DATA FOR THE TASK:

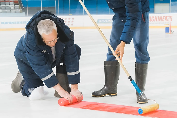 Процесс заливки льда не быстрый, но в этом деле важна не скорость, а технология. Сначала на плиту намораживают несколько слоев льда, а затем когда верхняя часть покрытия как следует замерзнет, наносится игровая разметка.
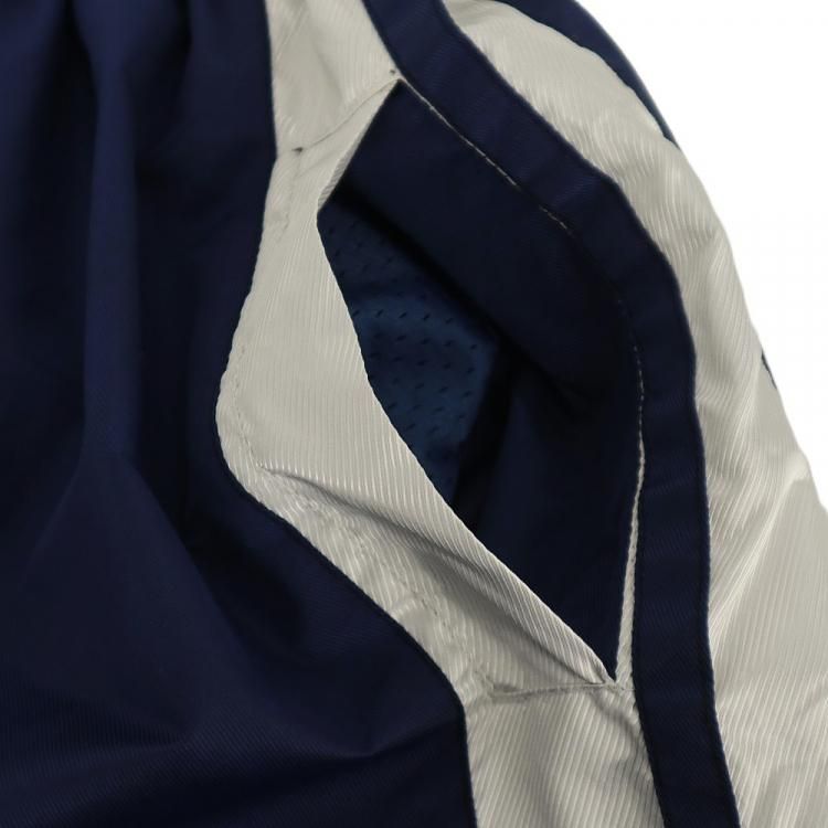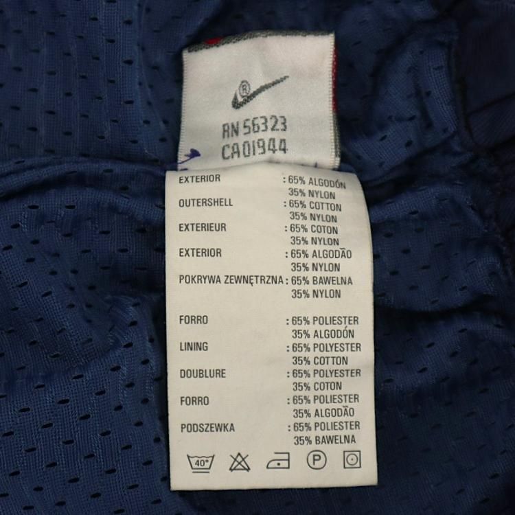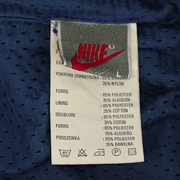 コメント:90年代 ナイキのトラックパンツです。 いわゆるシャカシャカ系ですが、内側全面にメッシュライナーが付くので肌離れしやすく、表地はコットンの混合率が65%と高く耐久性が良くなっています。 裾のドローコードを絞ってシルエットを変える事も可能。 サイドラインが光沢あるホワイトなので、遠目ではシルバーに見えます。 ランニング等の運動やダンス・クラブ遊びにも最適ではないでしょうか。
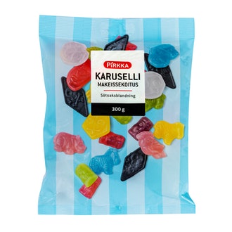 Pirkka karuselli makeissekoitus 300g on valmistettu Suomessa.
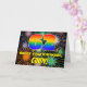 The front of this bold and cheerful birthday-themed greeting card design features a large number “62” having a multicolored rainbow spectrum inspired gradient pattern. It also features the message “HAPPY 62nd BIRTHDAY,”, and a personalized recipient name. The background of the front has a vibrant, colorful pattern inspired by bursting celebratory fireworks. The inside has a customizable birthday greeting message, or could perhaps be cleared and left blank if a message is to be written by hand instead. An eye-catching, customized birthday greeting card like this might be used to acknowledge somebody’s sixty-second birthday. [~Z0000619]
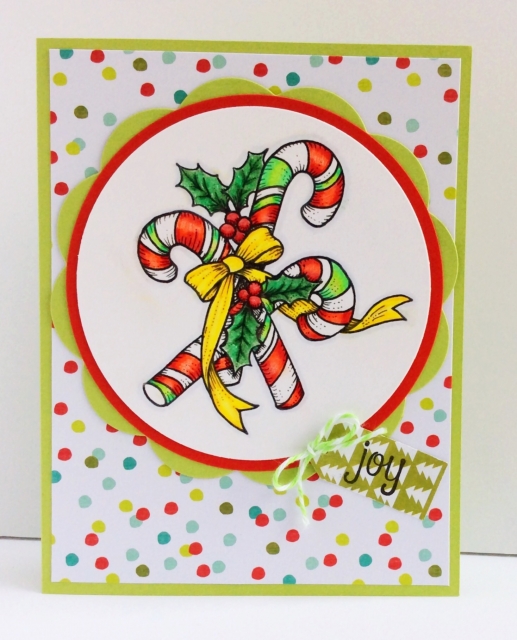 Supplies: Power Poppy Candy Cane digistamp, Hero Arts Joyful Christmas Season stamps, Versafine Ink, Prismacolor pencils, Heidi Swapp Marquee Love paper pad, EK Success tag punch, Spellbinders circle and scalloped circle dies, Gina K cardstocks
---
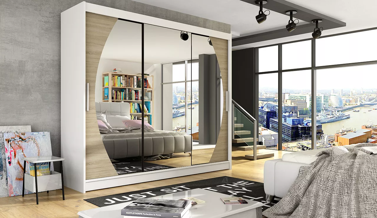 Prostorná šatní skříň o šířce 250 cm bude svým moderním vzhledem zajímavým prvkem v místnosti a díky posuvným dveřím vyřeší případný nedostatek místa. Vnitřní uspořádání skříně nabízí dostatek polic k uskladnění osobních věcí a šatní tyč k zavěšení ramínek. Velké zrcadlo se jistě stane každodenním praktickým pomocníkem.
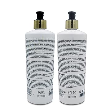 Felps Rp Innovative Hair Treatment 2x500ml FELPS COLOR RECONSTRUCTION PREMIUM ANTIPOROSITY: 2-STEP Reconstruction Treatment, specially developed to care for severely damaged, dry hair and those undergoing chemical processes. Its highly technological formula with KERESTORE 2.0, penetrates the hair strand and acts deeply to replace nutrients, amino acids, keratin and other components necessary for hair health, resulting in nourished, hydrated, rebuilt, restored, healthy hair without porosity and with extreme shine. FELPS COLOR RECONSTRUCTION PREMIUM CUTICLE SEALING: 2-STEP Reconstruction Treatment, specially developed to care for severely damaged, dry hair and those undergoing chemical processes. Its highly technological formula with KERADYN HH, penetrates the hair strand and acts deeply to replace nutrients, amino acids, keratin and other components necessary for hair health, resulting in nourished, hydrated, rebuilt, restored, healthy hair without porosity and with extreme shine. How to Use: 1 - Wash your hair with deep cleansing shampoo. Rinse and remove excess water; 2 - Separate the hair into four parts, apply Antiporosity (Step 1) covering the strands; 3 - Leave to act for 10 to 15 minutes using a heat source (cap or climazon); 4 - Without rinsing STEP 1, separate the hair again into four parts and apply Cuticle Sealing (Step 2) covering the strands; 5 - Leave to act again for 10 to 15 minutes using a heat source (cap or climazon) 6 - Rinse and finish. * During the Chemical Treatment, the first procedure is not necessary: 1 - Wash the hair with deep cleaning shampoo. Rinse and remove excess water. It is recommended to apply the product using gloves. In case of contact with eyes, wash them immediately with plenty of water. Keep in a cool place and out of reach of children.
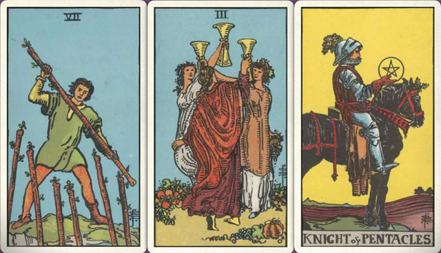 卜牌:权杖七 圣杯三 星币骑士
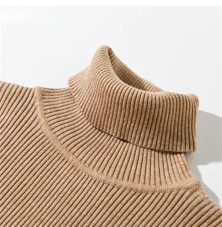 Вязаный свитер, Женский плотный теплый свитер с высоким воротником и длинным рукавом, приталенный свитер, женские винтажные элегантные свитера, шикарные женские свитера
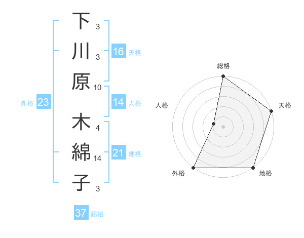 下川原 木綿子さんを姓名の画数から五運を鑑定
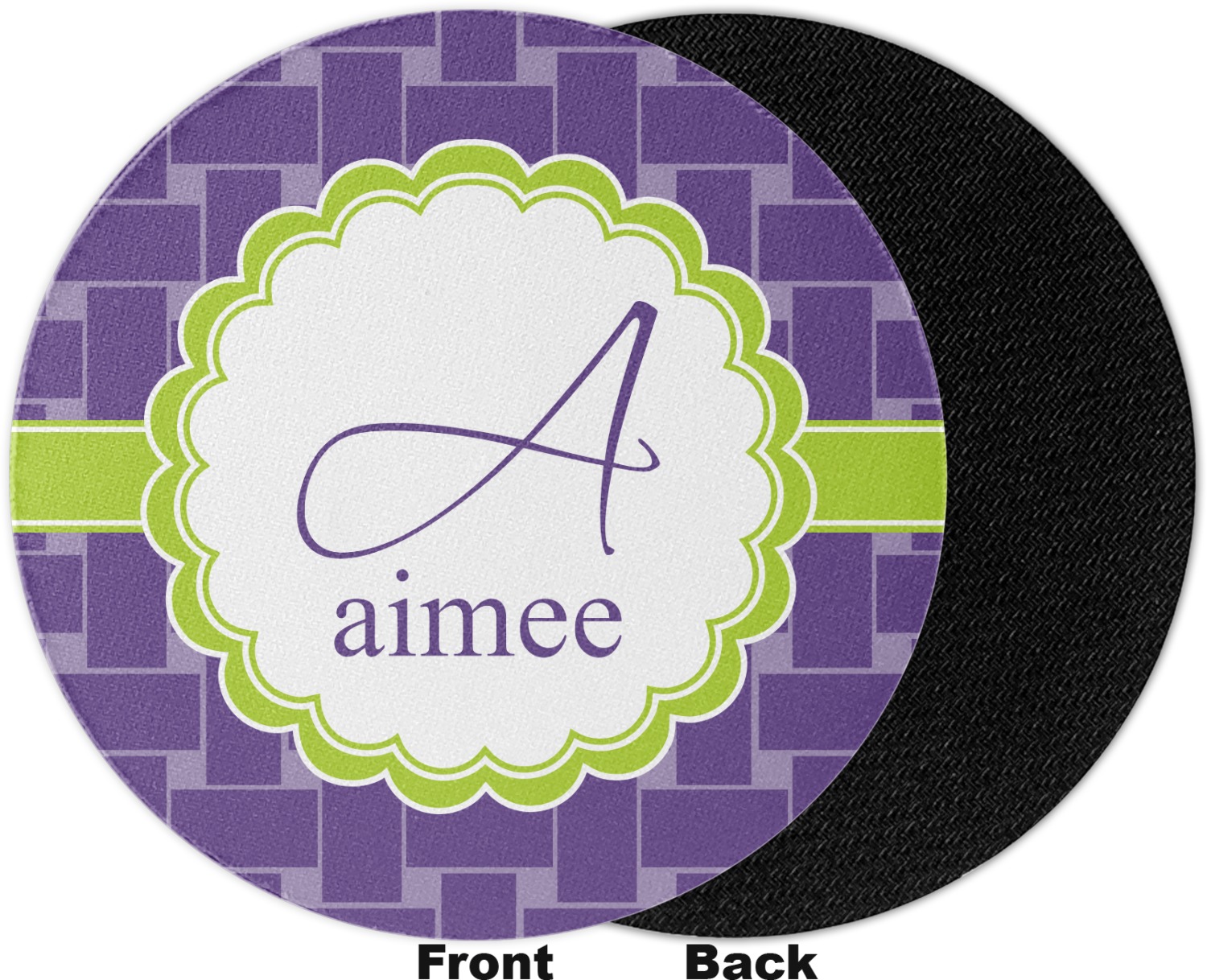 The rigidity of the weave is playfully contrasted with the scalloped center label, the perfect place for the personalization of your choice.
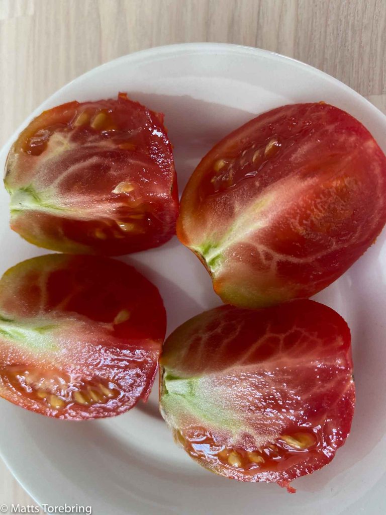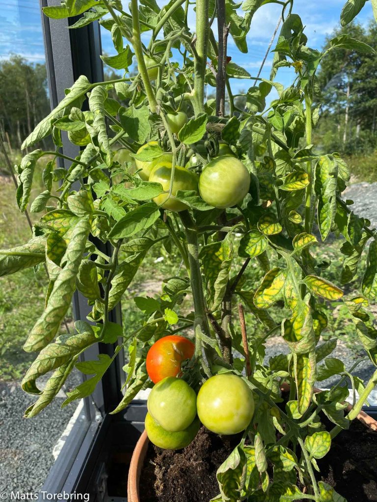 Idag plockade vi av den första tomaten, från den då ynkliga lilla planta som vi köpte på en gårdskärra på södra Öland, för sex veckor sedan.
...
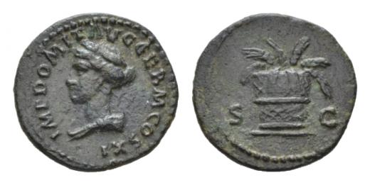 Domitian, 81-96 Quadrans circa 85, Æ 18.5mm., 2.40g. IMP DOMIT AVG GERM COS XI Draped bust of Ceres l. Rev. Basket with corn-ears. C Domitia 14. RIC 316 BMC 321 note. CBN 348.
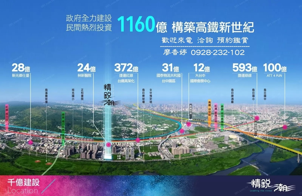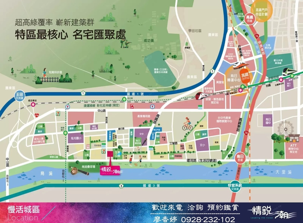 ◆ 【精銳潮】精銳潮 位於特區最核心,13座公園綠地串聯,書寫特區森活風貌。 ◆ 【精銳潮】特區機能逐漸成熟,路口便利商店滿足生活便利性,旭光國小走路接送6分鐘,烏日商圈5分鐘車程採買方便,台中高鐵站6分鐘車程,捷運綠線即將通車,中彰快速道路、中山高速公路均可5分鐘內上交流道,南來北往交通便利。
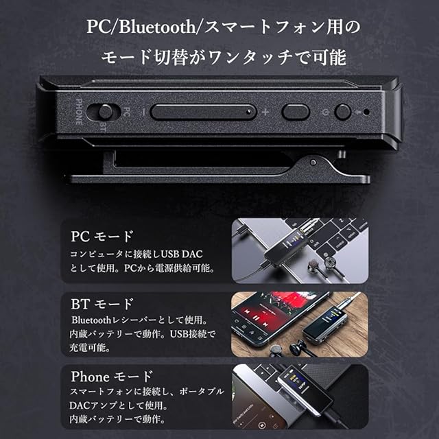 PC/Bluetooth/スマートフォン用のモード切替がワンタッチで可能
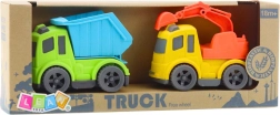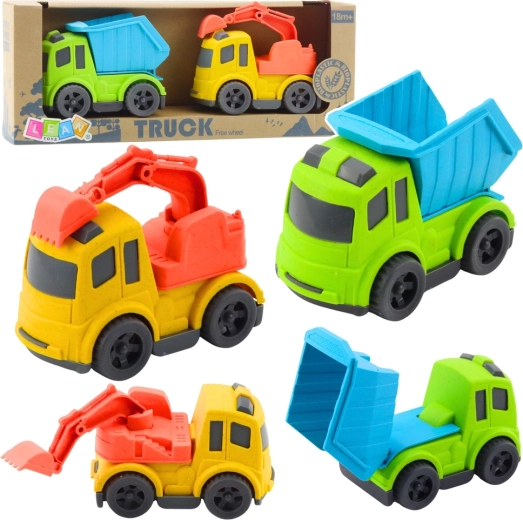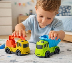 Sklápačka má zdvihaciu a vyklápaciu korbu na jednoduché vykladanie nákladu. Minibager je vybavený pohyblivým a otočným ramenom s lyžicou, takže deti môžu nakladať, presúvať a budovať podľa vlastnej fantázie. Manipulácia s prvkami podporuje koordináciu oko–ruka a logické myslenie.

TASK DESCRIPTION: Look above for the line containing "Вязаный свитер, Женский" and the line containing "Idag plockade vi", then reproduce both and everything between them exactly, pictures omitted.

EXERCISE SOLUTION:
 Вязаный свитер, Женский плотный теплый свитер с высоким воротником и длинным рукавом, приталенный свитер, женские винтажные элегантные свитера, шикарные женские свитера
 下川原 木綿子さんを姓名の画数から五運を鑑定
 The rigidity of the weave is playfully contrasted with the scalloped center label, the perfect place for the personalization of your choice.
 Idag plockade vi av den första tomaten, från den då ynkliga lilla planta som vi köpte på en gårdskärra på södra Öland, för sex veckor sedan.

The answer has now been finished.